When using MINVO, please cite this paper ([pdf](https://arxiv.org/abs/2010.10726), [video](https://youtu.be/x5ORkDCe4O0)):

```bibtex

@article{tordesillas2022minvo,

  title={MINVO Basis: Finding Simplexes with Minimum Volume Enclosing Polynomial Curves},

  author={Tordesillas, Jesus and How, Jonathan P},

  journal={Computer-Aided Design},

  volume={151},

  pages={103341},

  year={2022},

  publisher={Elsevier}

}

```

## Instructions to use the MINVO basis

* **For a particular curve (Problem 1 of the paper)**: See an example (with `n=3`) in [`curve_given3D.m`](https://github.com/mit-acl/minvo/blob/master/src/curve_given3D.m)

* **For a particular simplex  (Problem 2 of the paper)**: See an example (with `n=3`) in [`simplex_given3D.m`](https://github.com/mit-acl/minvo/blob/master/src/simplex_given3D.m)

To obtain all the figures of the paper, you can  simply run [`plot_solution.m`](https://github.com/mit-acl/minvo/blob/master/src/plot_solution.m) 

You don't need to install any external solvers for the steps above.

## Instructions to derive the MINVO basis

* The file [`general_formulation_sos.m`](https://github.com/mit-acl/minvo/blob/master/src/general_formulation_sos.m) solves Problem 3 in the paper using SOS.

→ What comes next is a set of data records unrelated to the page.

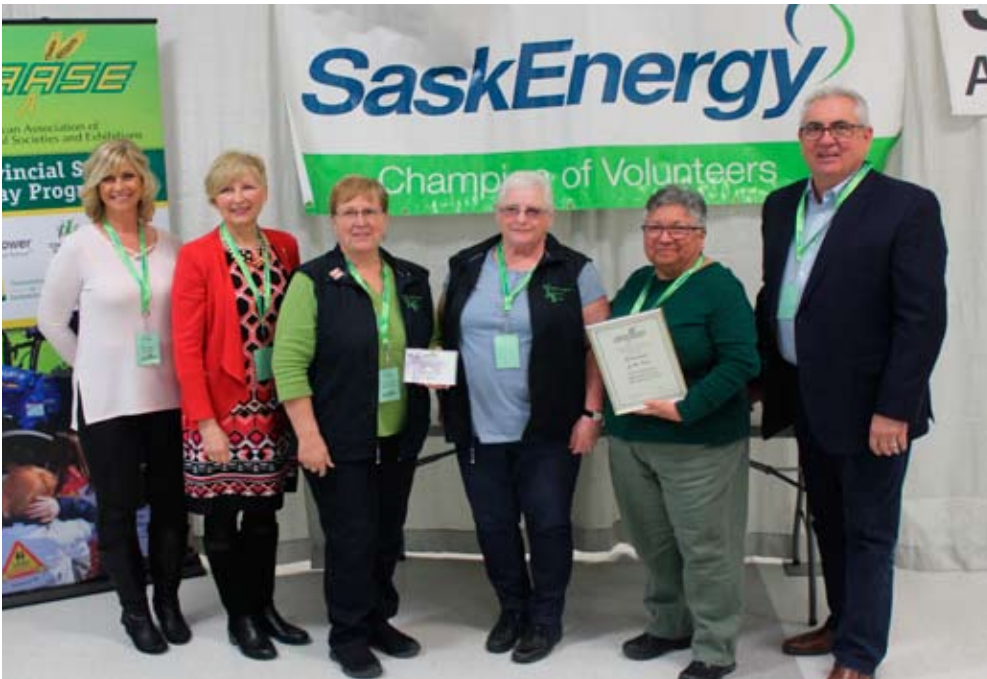
Members of the Vanscoy Ag Society accept the SAASE/SaskEnergy Achievement of the Year Award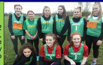
Year 10 and Sixth Form Girls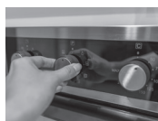
4 inc rea se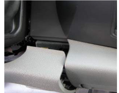
Knee & dash panel split

Read instructions completely prior to starting installation. All InDash Mounts are designed so that after installation, phone is facing normal driver position for left-hand drive vehicles. This mount is not designed to be used in foreign countries with right-hand drive vehicles. Use extreme care when working around the plastic components on the dash. Excess force, can cause breakage of the plastic components.

* The file [`general_formulation_lukacs_theorem.m`](https://github.com/mit-acl/minvo/blob/master/src/general_formulation_lukacs_theorem.m) solves Problem 3 in the paper using the Markov–Lukács Theorem. 

* The file [`formula_formulation.m`](https://github.com/mit-acl/minvo/blob/master/src/formula_formulation.m) solves Problem 4 in the paper. 

Follow the instructions in each file to prove local/global optimality.

Depending on the settings you choose in each file, you may need to install [YALMIP](https://yalmip.github.io/) (tested with [this release](https://github.com/yalmip/YALMIP/releases/tag/R20200116_hotfix)), [SNOPT](https://ccom.ucsd.edu/~optimizers/) and/or [MOSEK](https://www.mosek.com/). 

---------

> **Approval for release**: This code was approved for release by The Boeing Company in December 2020.